Entomological indices also decreased with the interventions (Figure 4). Initially 9.3% (20 of 214) of the houses were infested and this dropped to 5–7% between 2006 and 2009, and finally to 1.5% (3 of 200) in 2011. Of importance, both domestic and peridomestic infestation were reduced. However, the infestation index reduction was only significantly different between 2004 and 2011 (P < 0.001, Table 3). Although the interventions resulted in a reduction in all entomological indices except colonization, these reductions were not statistically significant except for the density index (P < 0.001, Table 3).
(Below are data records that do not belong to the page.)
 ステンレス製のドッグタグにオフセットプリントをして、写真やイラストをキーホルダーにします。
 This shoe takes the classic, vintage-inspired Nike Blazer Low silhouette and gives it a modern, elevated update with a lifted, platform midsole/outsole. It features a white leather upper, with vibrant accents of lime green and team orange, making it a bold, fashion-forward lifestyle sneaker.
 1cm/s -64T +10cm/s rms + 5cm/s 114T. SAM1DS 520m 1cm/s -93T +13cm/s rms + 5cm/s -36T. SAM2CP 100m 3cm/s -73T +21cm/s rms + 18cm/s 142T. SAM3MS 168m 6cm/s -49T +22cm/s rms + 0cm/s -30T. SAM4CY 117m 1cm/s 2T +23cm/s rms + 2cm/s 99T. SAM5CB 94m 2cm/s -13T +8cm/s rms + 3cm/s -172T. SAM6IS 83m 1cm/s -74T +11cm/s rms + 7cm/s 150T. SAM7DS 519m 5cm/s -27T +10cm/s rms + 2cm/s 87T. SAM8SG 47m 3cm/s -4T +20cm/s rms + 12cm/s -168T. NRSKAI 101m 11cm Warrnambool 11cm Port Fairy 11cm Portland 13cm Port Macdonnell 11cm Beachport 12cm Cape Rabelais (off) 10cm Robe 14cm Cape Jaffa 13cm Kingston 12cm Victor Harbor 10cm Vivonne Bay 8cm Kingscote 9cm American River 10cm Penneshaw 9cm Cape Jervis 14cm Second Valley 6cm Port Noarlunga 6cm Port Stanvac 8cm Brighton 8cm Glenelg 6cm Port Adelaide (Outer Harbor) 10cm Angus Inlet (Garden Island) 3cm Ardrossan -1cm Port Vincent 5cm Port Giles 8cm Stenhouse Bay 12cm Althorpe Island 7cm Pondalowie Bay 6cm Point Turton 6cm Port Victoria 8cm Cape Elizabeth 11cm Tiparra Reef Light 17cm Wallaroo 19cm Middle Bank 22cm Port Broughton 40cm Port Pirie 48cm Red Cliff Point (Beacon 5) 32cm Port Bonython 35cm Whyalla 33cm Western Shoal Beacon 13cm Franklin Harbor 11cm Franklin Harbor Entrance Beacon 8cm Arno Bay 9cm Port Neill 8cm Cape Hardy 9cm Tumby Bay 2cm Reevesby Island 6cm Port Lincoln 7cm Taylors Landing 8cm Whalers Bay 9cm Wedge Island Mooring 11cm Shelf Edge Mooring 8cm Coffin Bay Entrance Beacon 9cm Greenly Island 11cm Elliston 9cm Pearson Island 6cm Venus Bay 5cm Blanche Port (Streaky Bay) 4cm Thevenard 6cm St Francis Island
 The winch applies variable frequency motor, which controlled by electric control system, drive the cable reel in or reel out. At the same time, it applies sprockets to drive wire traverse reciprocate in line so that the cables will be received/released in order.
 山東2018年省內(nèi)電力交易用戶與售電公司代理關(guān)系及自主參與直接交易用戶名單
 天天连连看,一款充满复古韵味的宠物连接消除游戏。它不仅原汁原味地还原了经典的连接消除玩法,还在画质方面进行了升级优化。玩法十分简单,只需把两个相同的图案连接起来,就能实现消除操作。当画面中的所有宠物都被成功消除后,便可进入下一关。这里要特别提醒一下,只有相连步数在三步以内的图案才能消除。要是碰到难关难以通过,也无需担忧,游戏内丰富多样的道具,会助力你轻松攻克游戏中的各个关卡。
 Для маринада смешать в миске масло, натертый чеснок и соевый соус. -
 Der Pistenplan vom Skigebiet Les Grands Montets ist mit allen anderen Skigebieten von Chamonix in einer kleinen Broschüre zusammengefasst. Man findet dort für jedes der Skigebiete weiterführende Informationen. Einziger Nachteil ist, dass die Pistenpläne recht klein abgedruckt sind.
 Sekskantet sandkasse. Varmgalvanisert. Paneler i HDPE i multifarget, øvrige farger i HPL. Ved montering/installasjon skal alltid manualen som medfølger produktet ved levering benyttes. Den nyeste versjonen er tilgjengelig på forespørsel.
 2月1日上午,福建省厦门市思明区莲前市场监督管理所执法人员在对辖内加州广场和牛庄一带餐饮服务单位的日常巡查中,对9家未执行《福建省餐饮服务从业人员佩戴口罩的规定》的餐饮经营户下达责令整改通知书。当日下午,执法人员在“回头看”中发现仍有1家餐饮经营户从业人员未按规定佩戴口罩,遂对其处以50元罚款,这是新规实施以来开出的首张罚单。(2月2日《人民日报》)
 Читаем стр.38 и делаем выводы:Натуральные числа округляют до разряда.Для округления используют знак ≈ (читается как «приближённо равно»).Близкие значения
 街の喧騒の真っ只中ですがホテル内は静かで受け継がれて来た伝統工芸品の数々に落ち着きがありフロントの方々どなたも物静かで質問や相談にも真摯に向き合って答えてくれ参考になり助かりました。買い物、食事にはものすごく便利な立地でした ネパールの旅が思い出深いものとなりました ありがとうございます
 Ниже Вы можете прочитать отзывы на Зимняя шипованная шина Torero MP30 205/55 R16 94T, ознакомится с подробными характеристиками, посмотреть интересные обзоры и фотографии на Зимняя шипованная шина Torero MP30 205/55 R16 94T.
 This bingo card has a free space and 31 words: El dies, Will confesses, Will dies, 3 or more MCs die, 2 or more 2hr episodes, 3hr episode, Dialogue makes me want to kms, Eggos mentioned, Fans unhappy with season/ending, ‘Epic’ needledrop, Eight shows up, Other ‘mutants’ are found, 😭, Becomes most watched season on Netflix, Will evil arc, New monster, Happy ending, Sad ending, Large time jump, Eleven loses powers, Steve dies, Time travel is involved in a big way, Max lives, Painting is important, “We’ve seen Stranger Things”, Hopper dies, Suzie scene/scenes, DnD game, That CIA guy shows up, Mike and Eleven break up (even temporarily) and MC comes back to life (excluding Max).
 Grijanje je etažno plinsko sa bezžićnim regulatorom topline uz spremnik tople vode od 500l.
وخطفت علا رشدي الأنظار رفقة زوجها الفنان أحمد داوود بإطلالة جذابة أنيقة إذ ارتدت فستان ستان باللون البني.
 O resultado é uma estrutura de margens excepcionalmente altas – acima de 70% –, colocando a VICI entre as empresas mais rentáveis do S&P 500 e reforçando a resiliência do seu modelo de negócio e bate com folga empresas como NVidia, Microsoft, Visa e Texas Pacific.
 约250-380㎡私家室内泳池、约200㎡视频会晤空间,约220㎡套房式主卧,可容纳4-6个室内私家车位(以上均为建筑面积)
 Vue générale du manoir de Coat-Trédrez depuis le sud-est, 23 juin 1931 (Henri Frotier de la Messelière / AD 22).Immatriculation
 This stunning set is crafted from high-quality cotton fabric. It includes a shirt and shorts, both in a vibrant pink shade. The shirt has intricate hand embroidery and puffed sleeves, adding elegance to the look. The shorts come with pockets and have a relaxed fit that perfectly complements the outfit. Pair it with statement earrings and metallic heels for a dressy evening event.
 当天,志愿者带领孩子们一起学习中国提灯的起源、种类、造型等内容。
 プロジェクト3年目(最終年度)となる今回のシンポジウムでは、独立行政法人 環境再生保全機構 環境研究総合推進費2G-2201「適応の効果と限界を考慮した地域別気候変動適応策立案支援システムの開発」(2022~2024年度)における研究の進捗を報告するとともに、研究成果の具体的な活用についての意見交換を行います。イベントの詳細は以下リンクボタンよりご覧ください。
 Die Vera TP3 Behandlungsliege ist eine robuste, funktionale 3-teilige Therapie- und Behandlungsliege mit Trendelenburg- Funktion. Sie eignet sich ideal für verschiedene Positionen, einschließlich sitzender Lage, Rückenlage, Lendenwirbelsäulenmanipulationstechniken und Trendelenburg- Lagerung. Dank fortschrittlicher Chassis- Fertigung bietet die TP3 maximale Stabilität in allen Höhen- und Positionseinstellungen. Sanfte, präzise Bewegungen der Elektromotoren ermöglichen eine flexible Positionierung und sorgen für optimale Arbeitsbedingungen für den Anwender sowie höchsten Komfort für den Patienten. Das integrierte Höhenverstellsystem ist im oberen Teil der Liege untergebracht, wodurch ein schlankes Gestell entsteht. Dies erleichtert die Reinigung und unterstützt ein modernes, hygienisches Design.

The majority of the houses remaining infested are the ones where the homeowners did not make improvements, although overall infestation was reduced even in unimproved houses (data not shown).

Discussion

Our results show that the Ecohealth intervention is effective in reducing the risk of transmission of Chagas disease to humans as measured by a significant and sustained reduction in vectors feeding on humans, in T. cruzi infection prevalence in vectors, and in house infestation.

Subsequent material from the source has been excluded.